By Yoshita Singh
United Nations, Jun 12 (PTI) Foreign Direct Investment (FDI) to India grew by 6 per cent to USD 42 billion in 2018, with strong inflows in the manufacturing, communication and financial services sectors, and cross-border merger and acquisition activities, according to a UN report that ranked India among the top 20 host economies for FDI inflows in 2017-18.
The World Investment Report 2019, released by the UN Conference on Trade and Development (UNCTAD) Wednesday, said global FDI flows slid by 13 per cent in 2018 to USD 1.3 trillion from USD 1.5 trillion the previous year – the third consecutive annual decline.
However, FDI inflows to developing countries in Asia rose by 3.9 per cent to USD 512 billion in 2018, with growth occurring mainly in China, Hong Kong, Singapore, Indonesia and other ASEAN countries, as well as India and Turkey. The Asian region remained the world’s largest FDI recipient, absorbing 39 per cent of global inflows in 2018, up from 33 per cent in 2017.
FDI inflows to South Asia increased by 3.5 per cent to USD 54 billion.
“Investment in India – the subregion’s largest recipient – rose by 6 per cent to USD 42 billion with strong inflows in manufacturing, communication, financial services and cross-border merger and acquisition (M&A) activities,” the report said.
The report added that India has historically accounted for 70 to 80 per cent of inflows to the subregion. Further, the growth in cross-border M&As for India from USD 23 billion in 2017 to USD 33 billion in 2018 was primarily due to transactions in retail trade (USD 16 billion), which includes e-commerce, and telecommunication (USD 13 billion).
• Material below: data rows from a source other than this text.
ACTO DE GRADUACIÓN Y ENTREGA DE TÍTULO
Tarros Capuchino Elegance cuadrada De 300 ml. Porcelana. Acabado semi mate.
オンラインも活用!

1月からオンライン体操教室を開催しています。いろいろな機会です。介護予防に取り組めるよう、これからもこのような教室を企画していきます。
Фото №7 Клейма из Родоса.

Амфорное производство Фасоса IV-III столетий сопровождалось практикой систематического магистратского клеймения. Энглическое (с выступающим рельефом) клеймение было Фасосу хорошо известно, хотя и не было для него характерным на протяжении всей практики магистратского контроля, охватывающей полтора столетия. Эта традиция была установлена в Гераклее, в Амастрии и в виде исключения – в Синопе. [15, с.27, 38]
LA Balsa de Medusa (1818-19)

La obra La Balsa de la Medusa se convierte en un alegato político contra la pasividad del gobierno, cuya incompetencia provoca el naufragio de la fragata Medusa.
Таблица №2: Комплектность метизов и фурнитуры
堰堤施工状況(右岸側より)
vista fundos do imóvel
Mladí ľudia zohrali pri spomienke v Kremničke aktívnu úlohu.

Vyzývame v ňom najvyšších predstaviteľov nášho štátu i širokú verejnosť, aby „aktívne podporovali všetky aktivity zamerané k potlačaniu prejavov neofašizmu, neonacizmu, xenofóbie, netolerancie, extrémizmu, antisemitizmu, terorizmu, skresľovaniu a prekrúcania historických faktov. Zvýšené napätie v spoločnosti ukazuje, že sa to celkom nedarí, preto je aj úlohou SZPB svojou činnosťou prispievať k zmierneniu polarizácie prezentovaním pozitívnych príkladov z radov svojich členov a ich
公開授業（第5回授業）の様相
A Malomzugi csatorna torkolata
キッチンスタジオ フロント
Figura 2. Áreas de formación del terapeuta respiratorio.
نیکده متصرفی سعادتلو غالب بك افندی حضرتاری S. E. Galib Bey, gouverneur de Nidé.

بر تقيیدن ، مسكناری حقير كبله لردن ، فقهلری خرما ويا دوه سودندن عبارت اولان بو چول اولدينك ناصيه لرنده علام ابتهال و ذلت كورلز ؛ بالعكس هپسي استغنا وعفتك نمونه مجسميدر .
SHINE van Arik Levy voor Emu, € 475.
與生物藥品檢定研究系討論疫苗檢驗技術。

It said that notable megadeals included the acquisition of Flipkart, India’s biggest e-commerce platform, by American giant Walmart. In addition, telecommunication deals involving Vodafone (UK) and American Tower (US) amounted to USD 2 billion.
The report added that India and the UAE, not traditionally in the top 20 outward investor countries, were also considered as among the top 10 most important sources of FDI for the 2019 to 2021 period.
Further, prospects for FDI inflows into South Asia are largely determined by expectations of growing investment into India. Announced greenfield investment in the country doubled to USD 56 billion in 2018, with projects in a number of manufacturing industries, including automotive, the report said.
Inflows to Sri Lanka also reached a record level of USD 1.6 billion, pushed by robust Asian investments, including from China, India and Singapore.
Outflows to Asia increased by 31 per cent to USD 49 billion. Outflows to most major economies in the region expanded, including those to China (up 12 per cent to USD 10 billion), India (doubling to USD 3.2 billion) and the Republic of Korea (trebling to USD 4.8 billion).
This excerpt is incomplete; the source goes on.